The diagnosis of F. nucleatum is sometimes difficult because of the difficulty in isolating the organism. In our case, F. nucleatum was only isolated from the sample when utilizing anaerobic conditions. We recommend that it is necessary to check for anaerobic cultures in patients with septic arthritis, because many physicians may not routinely submit anaerobic cultures of the synovial fluid. The treatment of hip septic arthritis in adults typically involves antibiotics and the removal of purulent tissue from the affected joint, either by arthrocentesis or surgical drainage . Regarding antimicrobial therapy, β-lactam agents, clindamycin, and metronidazole are commonly used for treating Fusobacterium-related infections. However, there is evidence of emerging resistance to penicillins, carbapenems, and clindamycin in some Fusobacterium isolates [13, 14]. In our case, the isolate was resistant to penicillin. In previous reports regarding the treatment of septic arthritis due to F. nucleatum, four of the five cases were also treated with surgical debridement and antibiotic therapy (Table 1). Management of septic arthritis by arthroplasty using the present protocol involves two stage total joint replacement in the case of evolutive arthritis and one-stage total joint replacement in case of quiescent arthritis . Since our case involved evolutive septic arthritis, we planned two-stage revision surgery. There are some reports about two-stage revision surgery for deep infection following septic hip arthritis where the first stage involves debridement and lavage of the joint, followed by resection of the femoral head and replacement of cement spacer antibiotics.

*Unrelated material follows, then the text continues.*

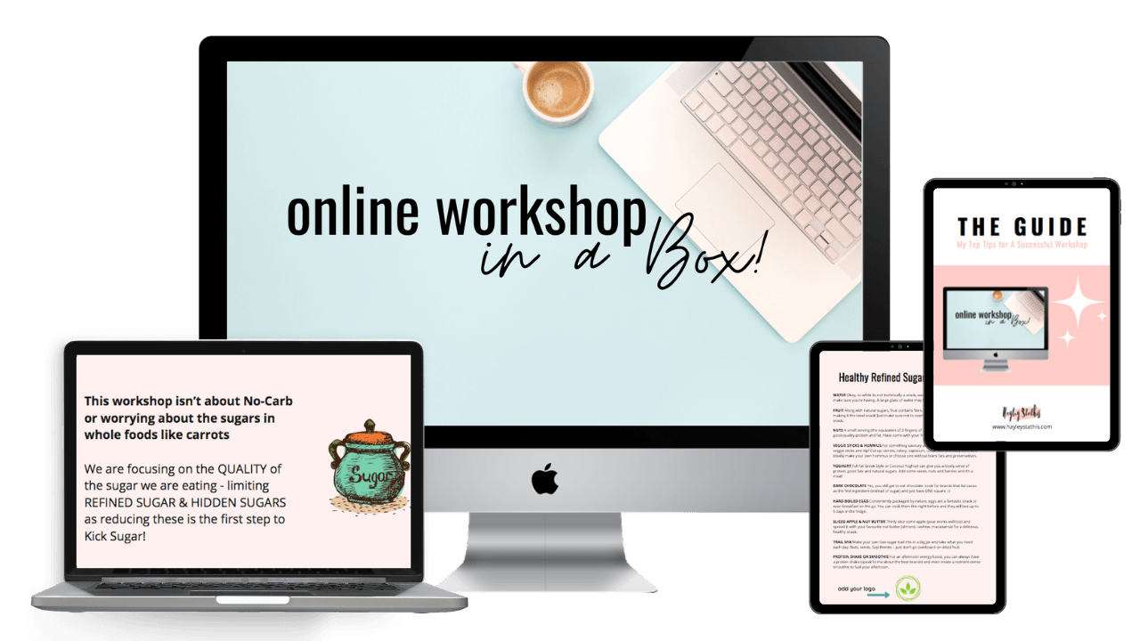 The Online Workshop in a Box is a 100% written-for-you Nutrition Workshop that contains everything you need to quickly create a workshop to attract new clients to your Health & Wellness Practice. A workshop positions you as the expert and quickly develops that 'know, like & trust' factor that potential clients need before they book in with you!

We initially attempted to preserve the femoral head because the patient’s groin pain was not severe; however, eventually, we performed a femoral head resection and two-stage THA. This explains why surgical drainage was performed 3 times. There are several reports of THA after septic arthritis. Bauer et al.  reported that 26 of the 30 cases (87%) of evolutive septic arthritis were successfully followed up for a mean period of 5 years. Chen et al.  found a re-infection rate of 14% and a complication rate of 36% in 28 cases, at an average follow-up period of 77 months. In this case, there was no implant loosening or infection relapse after 3 years of follow-up, although further follow-up is warranted.
We treated a rare case of hip septic arthritis due to F. nucleatum with two-stage revision surgery in addition to a prolonged course of antimicrobial therapy based on susceptibility testing. The exact duration of therapy depends on sufficient debridement, the severity of illness, clinical response, and normalization of inflammatory markers. Clinicians should be aware that F. nucleatum could be the etiologic agent of hip septic arthritis in an immunocompetent patient.
F. nucleatum can be the cause of septic arthritis, even in an immunocompetent patient, requiring surgical debridement, and appropriate antibiotic therapy. As with other hip septic arthritis in adult, two-stage revision surgery is effective.